The most glaringly bad performance by Christian Ponder in a season marked by costly mistakes and curious decisions had just concluded, and the skepticism about his viability as Minnesota's quarterback was as prevalent as ever.
After the former Florida State star threw two devastating interceptions in the third quarter at Green Bay that day, one in the end zone with Minnesota leading 14-10 and the other at the Packers 13-yard line with the Vikings trailing 20-14, the playoffs appeared improbable. They were 6-6 and facing a difficult four-game segment at the end of the schedule. Ponder's future as the starter looked tenuous.
So coach Leslie Frazier, anticipating the swirl of speculation and criticism from analysts and fans, sought out Ponder in the locker room at Lambeau Field to assure him the team was still behind him. Running back Adrian Peterson gave him a pep talk, too.
"I don't want you to walk in there with any doubt about your future here as our starting quarterback," Frazier told Ponder before his postgame news conference. "Next ballgame, you're going to be our starter."
The Vikings finished with four straight wins to secure a wild-card spot.
"Obviously a lot has changed. I think the biggest thing for me was making better decisions," Ponder said. "Obviously I made some bad decisions in that first game. It's something that I knew I had to improve upon."

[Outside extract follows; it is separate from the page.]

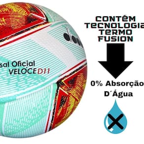 Bola futsal oficial veloce d11 diadora Cor: verdeágua/vermelho/amarelo bola futsal oficial veloce d11 diadora Especificações:Produto contém: 1 uma bola de futsal diadora veloce d11 oficial;Modelo: veloce d11 oficial;Marca: diadora;Indicação: partidas de futsal;Lançamento: 2022/23;Laminado: pvc;Total de gomos: 6;Construção: tech fusion;Câmera: especial;Peso aproximado: 410-450g;Circunferência aproximada: 62-64cm;Válvula: miolo removível/lubrificado;Acabamento: texturizado;Material da câmara: borracha. Obs: a bola de futsal oficial veloce d11 diadora é comercializada cheia. Caso deseje calibra-la para atender as suas necessidades, pode-se usar uma bomba de inflar bolas para o seu enchimento ou esvaziamento parcial ítem não incluso .

Sunday, Ponder matched his career high with three touchdown passes, turning in his fifth turnover-free performance of the year and taking only one sack in the most important NFL game he's played in. His 65-yard completion to Jarius Wright that set up one of those scores was his longest of the season.

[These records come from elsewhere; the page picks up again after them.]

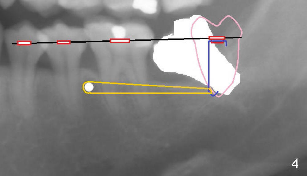 Fig.4. After uprighting #18 (pink outline), place single-tube brackets/band on #19-21, a double-tube bracket/band on #18 and regional arch wire through #18-21 brackets/bands (black line). A rigid rectangular wire (blue) is inserted into the lower tube of #18. The lower end of this wire is at the same level of the mini-implant. Under tension using a closed coil spring or power chain (yellow), the tooth should undergo body movement mesially. Return to main article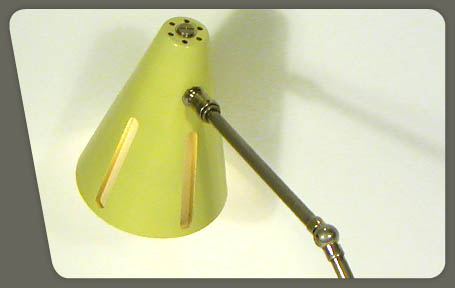 description : swivelled yellow lacquered metal shade punched with alveolus, hold with a adjustable chrome arm, fixed on a black lacquered metalic base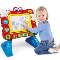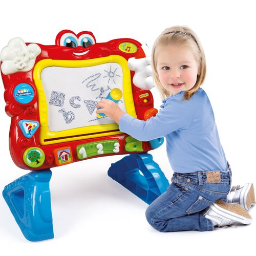 Zabawka 2 w 1: tablica znikopis dla najmłodszych i bogate centrum rozrywki.Wiele funkcji edukacyjnych: uczy liczb, liter, kształtów, kolorów i podstaw języka angielskiego.Nogi są przenośne i mogą być łatwo montowane w pionie lub w poziomie. Powierzchnia do pisania lekko podniesiona i nachylona.Funkcje wielu melodii, zabawy i muzyki.

"I don't think my confidence ever really was shaken or anything. I think it just goes back to obviously understanding what I can and can't do. I can't force things that aren't there," Ponder said.

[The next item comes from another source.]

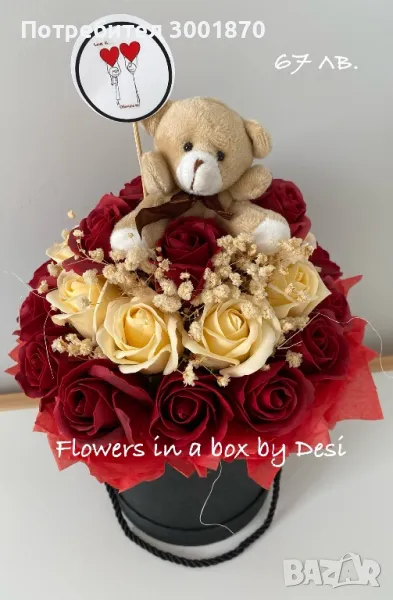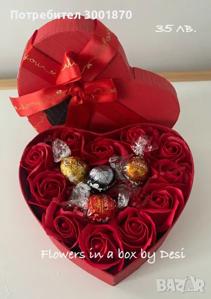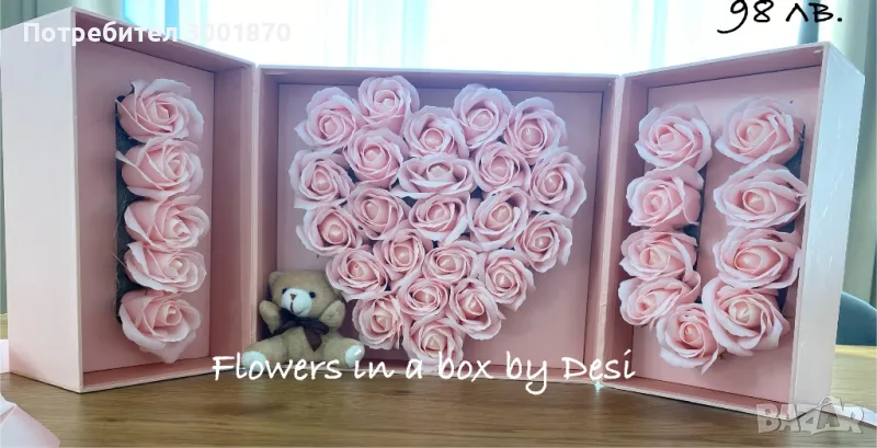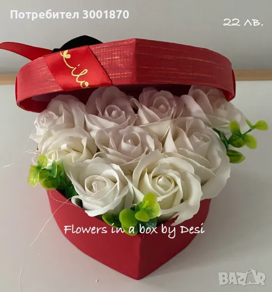 Сапунени рози в кутия подарък за Свети Валентин → Обява 48650744

Seahawks aim to end playoff road futility
While they are one of the hottest teams going into the postseason, there's a lot of past playoff futility for the Seattle Seahawks to overcome — nearly three decades worth.
Seemingly unbeatable at home, the road — especially in the postseason — has been a different tale for the Seahawks. It's been 29 years since Seattle last won a playoff game on the road. They have lost eight straight road playoff games since winning at Miami on Dec. 31, 1983, when only nine players on their current 53-man roster were even born.
On Sunday, Seattle (11-5) travels to the East Coast to take on another hot team, the Washington Redskins (10-6).
"If you want to be a good team you definitely got to be able to win on the road," Seattle defensive end Red Bryant said. "You never get a scenario exactly how you want it unless you fortunate enough to be like Atlanta."
The Falcons earned home field throughout the NFC playoffs by finishing 13-3.
49ERS: San Francisco signed kicker Billy Cundiff to compete with struggling veteran David Akers.
Coach Jim Harbaugh said Monday the NFC West champion Niners (11-4-1), off this week as the NFC's No. 2 seed, planned to try out kickers.
PACKERS: Charles Woodson has been cleared to play again, and Green Bay is counting on the defensive back to provide a lift in Saturday night's playoff game against Minnesota.
Woodson deferred to team physician Pat McKenzie and gave his broken collarbone as much time to heal as possible, sitting out Sunday's regular-season finale at Minnesota. He was injured on Oct. 21.